In a cross-sectional analysis, researchers surveyed 89,130 ​​adults who participated in the National Health Interview Survey (NHIS) in 2021 and 2022.

They found that fewer participants had an outpatient health visit in the past year in 2022 compared with 2019 (adjusted rate [RR] = 0.98; 95% CI, 0.97-0.99), with the greatest decline seen among Asian adults compared with white adults (aRR = 0.95; 95% CI, 0.92-0.98).

Also, preventive screening for blood pressure (aRR = 0.95; 95% CI, 0.94-0.96), blood glucose (aRR = 0.95; 95% CI, 0.93-0.96), and cholesterol (aRR = 0.93; 95% CI, 0.92-0.92) The detection rate (0.94) in 2021 is lower than that in 2019.

Adults are less likely to be screened for several cancers in 2021 than in 2019, including:

  • colorectal cancer screening (aRR = 0.88; 95% CI, 0.81-0.94);
  • cervical cancer screening (aRR = 0.86; 95% CI, 0.83-0.89);
  • breast cancer screening (aRR = 0.93; 95% CI, 0.9-0.97); and
  • Prostate cancer screening (aRR = 0.86; 95% CI, 0.78-0.94).

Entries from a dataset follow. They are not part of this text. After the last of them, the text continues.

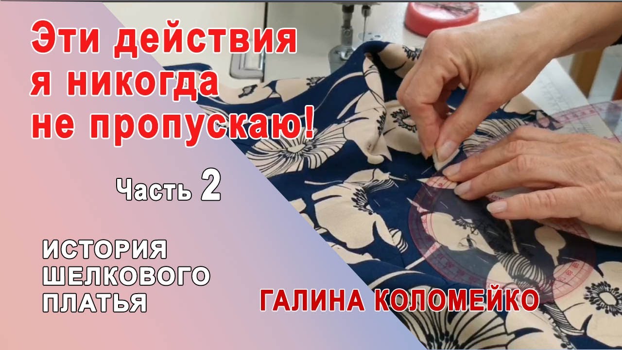 Я тоже люблю смотреть видео, где быстро мелькают ножницы и бодро стучит машинка! Раз - отрезали, Два - скололи, Три - стачали швы. ПЛАТЬЕ ЗА ПОЛЧАСА! Ой, лукавите ))) Мой совет, пусть будет не так быстро, зато точно и аккуратно! Осноровка - та операция, которую я выполняю всегда. Очень аккуратно. Лучше воспользоваться портновским лекалом. Все срезы уравняли, сделали красивыми. Мне нравится сам процесс шитья! На практике все это не так и долго. Просто нужен навык. Теперь наше платье готово к обработке. 00:00 Начинаем осноровку. 00:08 Перегибаем изделие по середине 00:20 Уравниваем и скалываем обрезные края 00:30 Скалываем плечевые швы 01:00 Выкладываем и скалываем горловину полочки 02:00 Берем в руки лекало 03:00 Теперь возьмемся за ножницы 03:50 Оформляем горловину 04:30 Почему мне не нравится этот уголок? 05:20 Косая бейка из органзы пригодится для обработки 05:32 Осноравливаем линию низа. Вот такую осноровку я делаю для каждого изделия. И Вам рекомендую! Всегда Ваша, Галина Коломейко
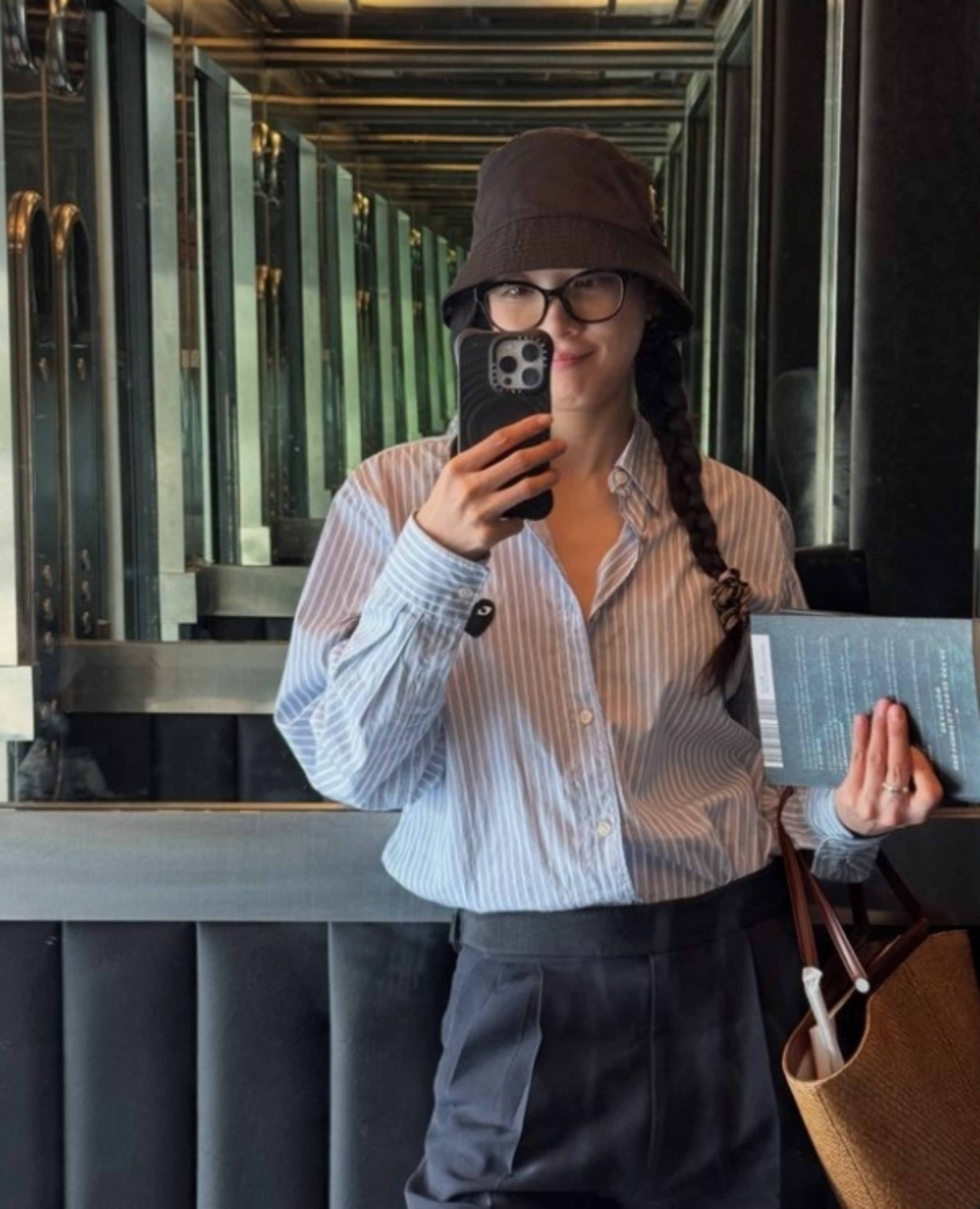 일본 브랜드인 꼼데가르송 스트라이프 셔츠 그리고 블랙 컬러의 테일러스 슬랙스, 블랙 그레이 컬러의 버킷햇과 브라운 색상의 핸드백까지 가벼운 외출룩을 선보였는데요.
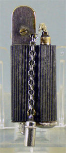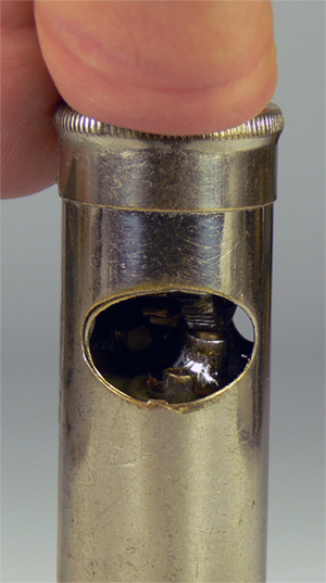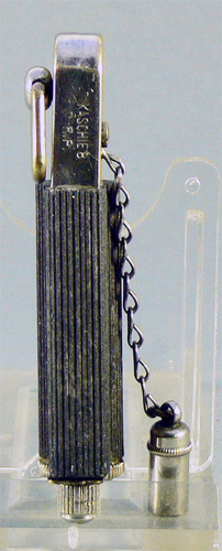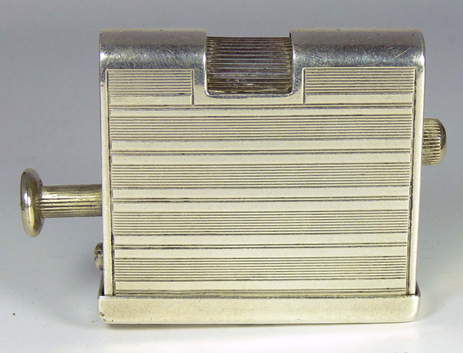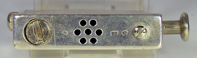 Der Feuerzeugdeckel wird an der Seite des Reibrades auf die kleine Vierkantfläche gesteckt und somit das Feuerzeug betätigt. (keine schmutzigen Hände)
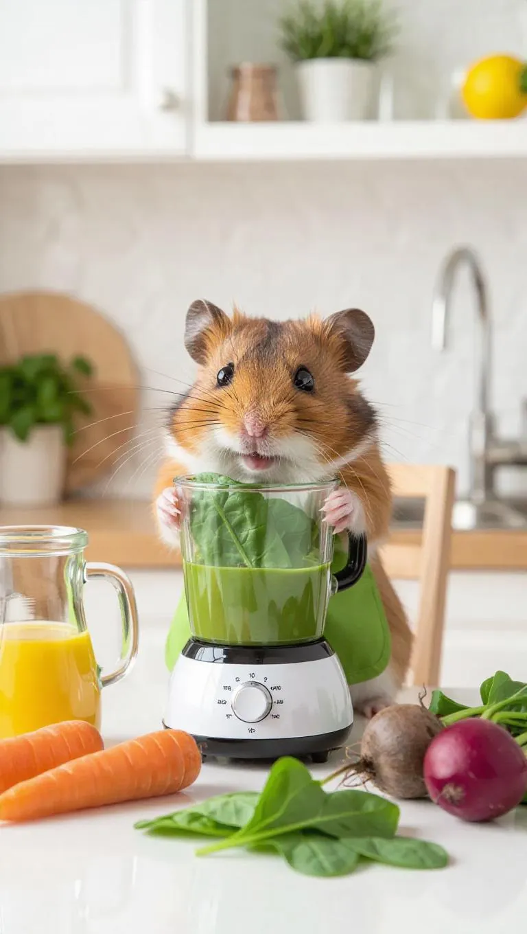 A playful hamster is blending a vegetable smoothie in a bright, minimalist kitchen. The hamster is wearing a tiny apron and using a blender to mix fresh vegetables like spinach, carrots, and beets. On the counter, there are additional vegetables and a jug of lemon juice. After finishing the smoothie, the hamster sits on a chair with a glass of smoothie in front of it, sipping joyfully.
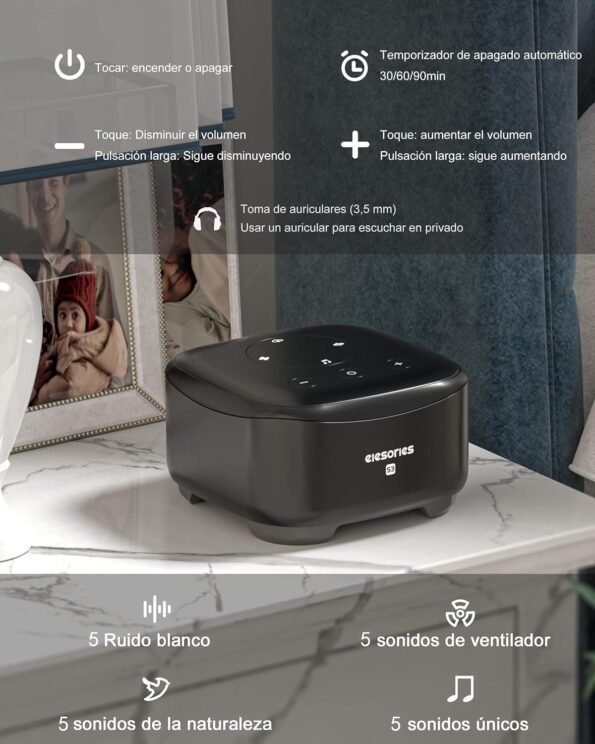 Conecta tus auriculares y disfruta de una experiencia de sueño exclusiva: Este «ruido blanco» cuenta con un conector de auriculares de 3.5 mm, lo que te permite crear un entorno de sueño personalizado. Usar auriculares te sumerge aún más, haciendo que la experiencia sea más realista
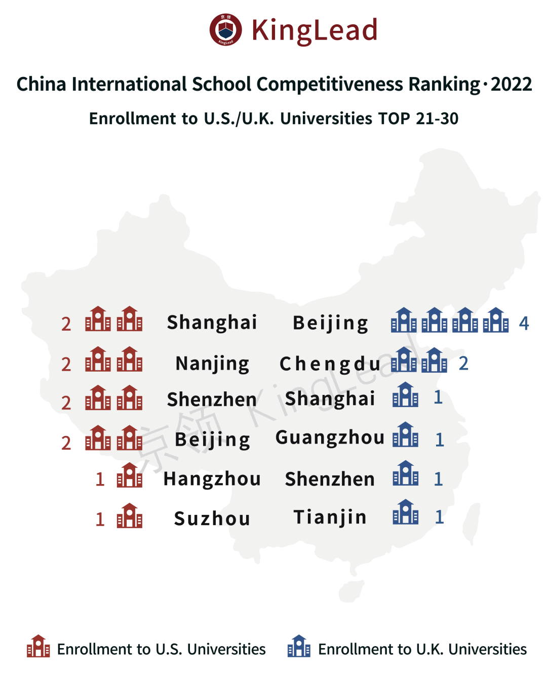 Among the top 21-30 international schools in the direction of Enrollment to U.S. Universities, Shanghai, Nanjing, Shenzhen and Beijing has the largest number of selected international schools , each with 2 schools being selected. Hangzhou and Chengdueach have 1 selected school.

Alba and colleagues noted that while Asian adults had the largest declines in many preventive screenings, black and Hispanic adults had lower rates of decline in colorectal cancer screening (aRR = 0.78; 95% CI, 0.67-0.91) and breast cancer The greatest decrease was seen in screening (aRR = 0.83). ;95% CI, 0.75-0.91).

“Given that we found that minority populations received the least preventive screening in 2019, slower recovery from these service disruptions during the pandemic may exacerbate health care disparities in future years,” they wrote.

The researchers also highlighted some possible reasons for the continued decline in preventive screenings and health visits.

“First, fear of exposure to SARS-CoV-2 and other pathogens may continue to prevent people from attending in-person health visits until 2022,” they wrote. “Second, delayed care during the onset of the COVID-19 public health emergency This may result in increased demand for health visits and thus reduced availability.”

The study was limited by NHIS response rates, which ranged from 50% to 60% in both years.

Ultimately, the findings “highlight the urgent need for health systems, public health, and health policy coordination to increase preventive screening among eligible U.S. adults,” Alba and colleagues concluded.